I encounter this error today:

Fatal Python error: GC object already tracked

I googled a bit, seems it's related to threading, before I dive deeper, I want to confirm: PyD only run in the invoker's thread, and won't create any thread by its own?

Thanks.

ariovistus commented 3 years ago

It shouldn't create new threads

mw66 commented 3 years ago

It's kind of strange, I run my program under gdb, looks like it failed during gc_qalloc(), which is strange since the array allocated should have nothing to do with the pyd invocation in my program, i.e. here in my app logic, the stack trace has nothing related to pyd, but somehow it failed at _Py_Dealloc()!

So, somehow gc_qalloc() and pyd messed up somewhere:

(gdb) where
#0  0x00007ffff7bd5438 in _Py_Dealloc () from /usr/lib/x86_64-linux-gnu/libpython3.8.so.1.0
#1  0x00007ffff7c00b2e in ?? () from /usr/lib/x86_64-linux-gnu/libpython3.8.so.1.0
#2  0x00005555556fe332 in _D6deimos6python6object__T9Py_DECREFZQlUPSQBoQBkQBg8PyObjectZv (warning: (Internal error: pc 0x555555cf2530 in read in psymtab, but not in symtab.)

op=0x7fff501647c0)
    at /home//.dub/packages/pyd-0.14.0/pyd/infrastructure/deimos/python/object.d:1191
warning: (Internal error: pc 0x555555cf2530 in read in psymtab, but not in symtab.)

warning: (Internal error: pc 0x555555cf2530 in read in psymtab, but not in symtab.)

#3  0x0000555555cf2531 in pyd.pydobject.PydObject.~this() (warning: (Internal error: pc 0x555555cf2530 in read in psymtab, but not in symtab.)

this=0x7fffdd2bcae0) at pydobject.d:79
#4  0x0000555555ebb487 in rt_finalize2 ()
#5  0x0000555555ed43c8 in _D2gc4impl12conservativeQw3Gcx5sweepMFNbZm ()
#6  0x0000555555ed0c16 in _D2gc4impl12conservativeQw3Gcx11fullcollectMFNbbZm ()
#7  0x0000555555ed2491 in _D2gc4impl12conservativeQw3Gcx10smallAllocMFNbmKmkxC8TypeInfoZPv ()
#8  0x0000555555ecf1a0 in _D2gc4impl12conservativeQw14ConservativeGC__T9runLockedS_DQCeQCeQCcQCnQBs12mallocNoSyncMFNbmkKmxC8TypeInfoZPvS_DQEgQEgQEeQEp10mallocTimelS_DQFiQFiQFgQFr10numMallocslTmTkTmTxQCzZQFcMFNbKmKkKmKxQDsZQDl ()
#9  0x0000555555ed15f3 in _DThn16_2gc4impl12conservativeQw14ConservativeGC6qallocMFNbmkxC8TypeInfoZS4core6memory8BlkInfo_ ()
#10 0x0000555555eb3280 in gc_qalloc ()
#11 0x0000555555eadb02 in _D4core6memory2GC6qallocFNaNbmkxC8TypeInfoZSQBqQBo8BlkInfo_ ()
#12 0x00005555558e8274 in _D3std5array__T8AppenderTAyaZQo13ensureAddableMFmZ9__lambda3MFNaNbNeZS4core6memory8BlkInfo_ ()
    at /home///ldc2-1.25.1-linux-x86_64/bin/../import/std/array.d:3409

...

mw66 commented 3 years ago

Do you think the warning:

warning: (Internal error: pc 0x555555cf2530 in read in psymtab, but not in symtab.)

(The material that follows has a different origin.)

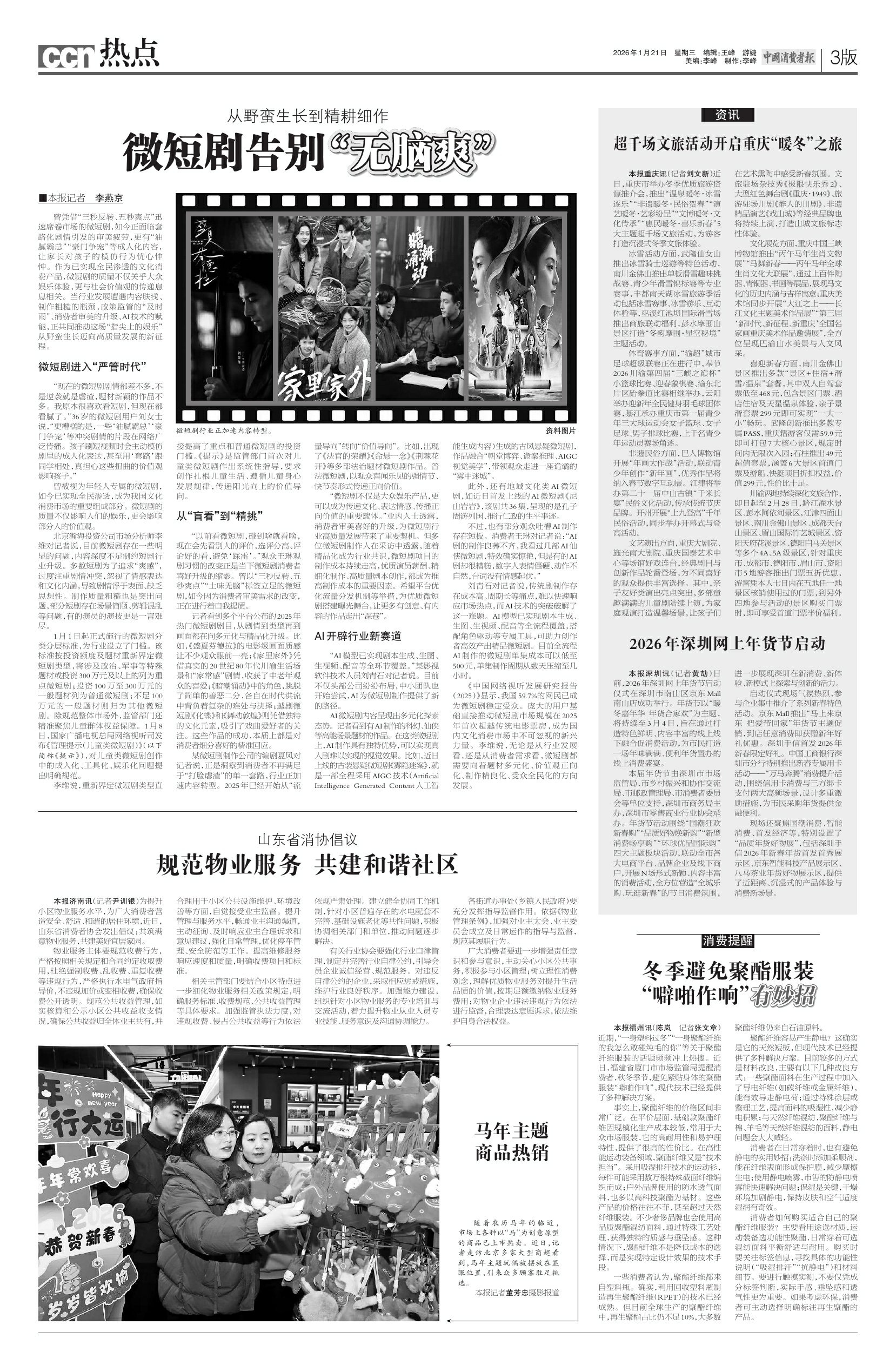 “微短剧不仅是大众娱乐产品,更可以成为传递文化、表达情感、传播正向价值的重要载体。”业内人士透露,消费者审美喜好的升级,为微短剧行业高质量发展带来了重要契机。但多位微短剧制作人在采访中透露,随着精品化成为行业共识,微短剧项目的制作成本持续走高,优质演员薪酬、精细化制作、高质量剧本创作,都成为推高制作成本的重要因素。希望平台优化流量分发机制等举措,为优质微短剧搭建曝光舞台,让更多有创意、有内容的作品走出“深巷”。

tells something? gdb mess-up stack trace to point into pyd?

mw66 commented 3 years ago

Also this dtor call looks suspicious (in a different run):

#2  0x0000555555cf2531 in pyd.pydobject.PydObject.~this() (warning: (Internal error: pc 0x555555cf2530 in read in psymtab, but not in symtab.)

warning: (Internal error: pc 0x555555cf2530 in read in psymtab, but not in symtab.)

this=0x7fffdcfb4400) at pydobject.d:79

mw66 commented 3 years ago

so:

~/project/ldc2-1.25.1-linux-x86_64/import/std/array.d 3409

            auto bi = (() @trusted => GC.qalloc(nbytes, blockAttribute!T))();

call into GC.qalloc, and into:

~/.dub/packages/pyd-0.14.0/pyd/infrastructure/pyd/pydobject.d 79

    /// Destructor. Calls Py_DECREF on PyObject reference.
    ~this() {
        if (m_ptr && !Py_Finalize_called) Py_DECREF(m_ptr);
        m_ptr = null;
    }

and then:

.dub/packages/pyd-0.14.0/pyd/infrastructure/deimos/python/object.d:1191

        op.ob_type.tp_dealloc(op);

which caused received signal SIGSEGV, Segmentation fault.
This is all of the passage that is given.